Society increasingly resembles a confederacy of dunces, and our scholars and politicians must take their share of the blame

October 27, 2011

"Smart is the new sexy." It's a great notion. But this campaign slogan from the US newspaper industry, designed to arrest falling circulations, seems hopelessly optimistic in a society entranced by the comforting illusion that ignorance is bliss.

Wilful stupidity seems to have invaded some areas of public discourse, with climate-change denial and creationism emblematic of the malaise. Gerald Graff, professor of English and education at the University of Illinois at Chicago, warns in our cover story that society is being afflicted by "a kind of know-nothing anti-intellectualism that is shockingly pervasive, outrageous and dismissive of scientific opinion". Belief and prejudice, it is argued, are replacing knowledge as the foundations of public discourse. Why?

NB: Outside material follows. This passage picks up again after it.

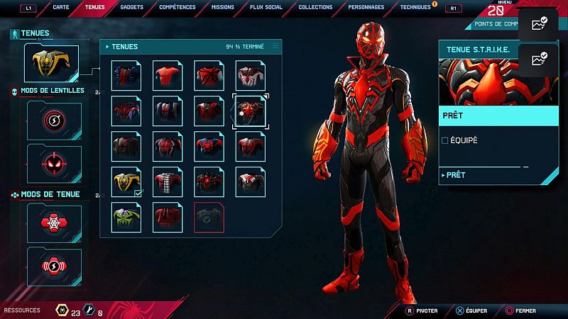 - Tenue S.T.R.I.K.E. : nécessite le niveau 10, 16 jetons d’activité et 2 pièces high-tech. La jauge de venin se charge à mesure que la santé diminue.
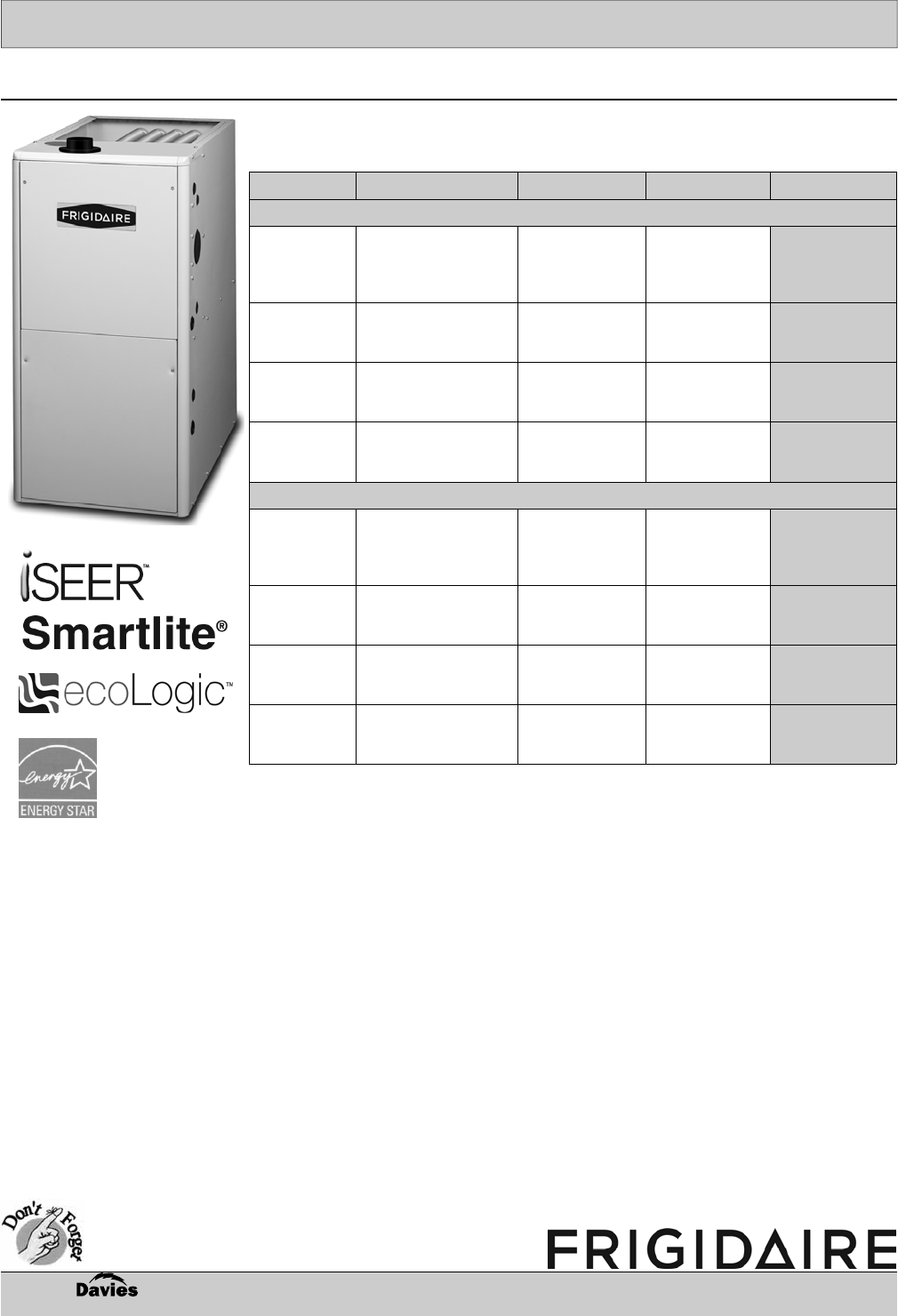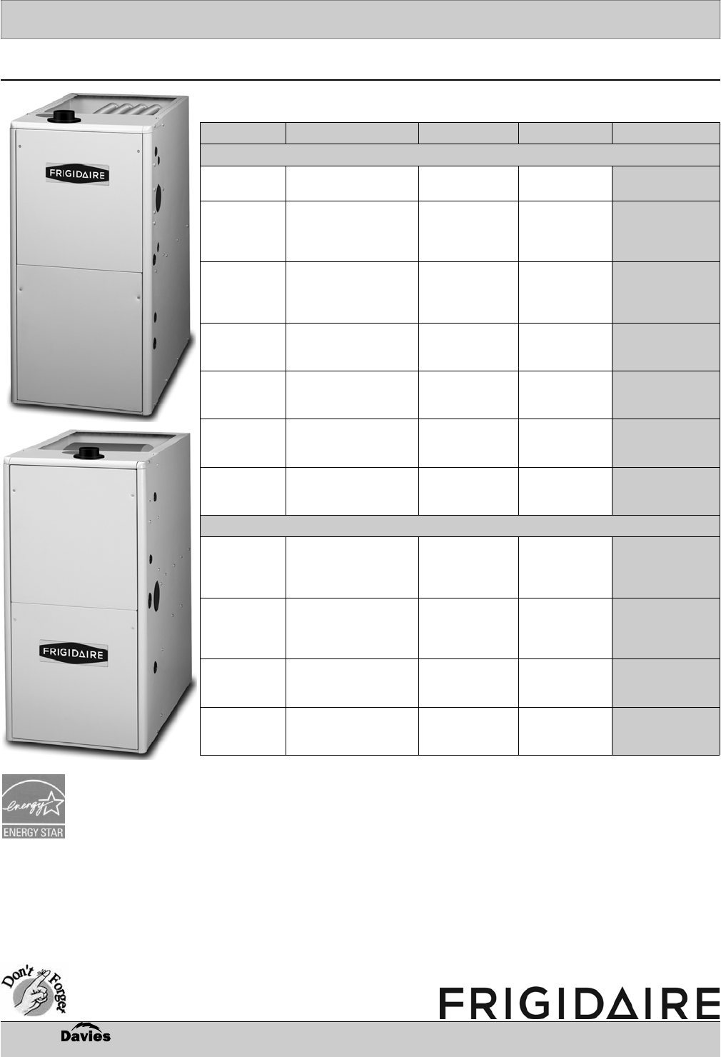 • Warranty: Limited lifetime on 14 gauge heat exchanger; 1 year parts

The academy has to accept some responsibility for this lamentable state of affairs. Scholars seem reluctant to try to shake students out of their utilitarian, employment-driven mentality, which makes them disinclined to question and argue. Academics are often unwilling to stand up and be counted in some of the most contentious - and vital - debates on and off campus.

No doubt there is the fear of student complaints, of being publicly shouted down and hounded by the cranks and shock-jocks whose ranks are reaching alarming proportions in the US. Then there's the risk of being outmanoeuvred and outgunned by well-funded lobby groups and partisan "thinktanks". There's also an element of snobbery at play: who wants to be accused of dumbing down for television?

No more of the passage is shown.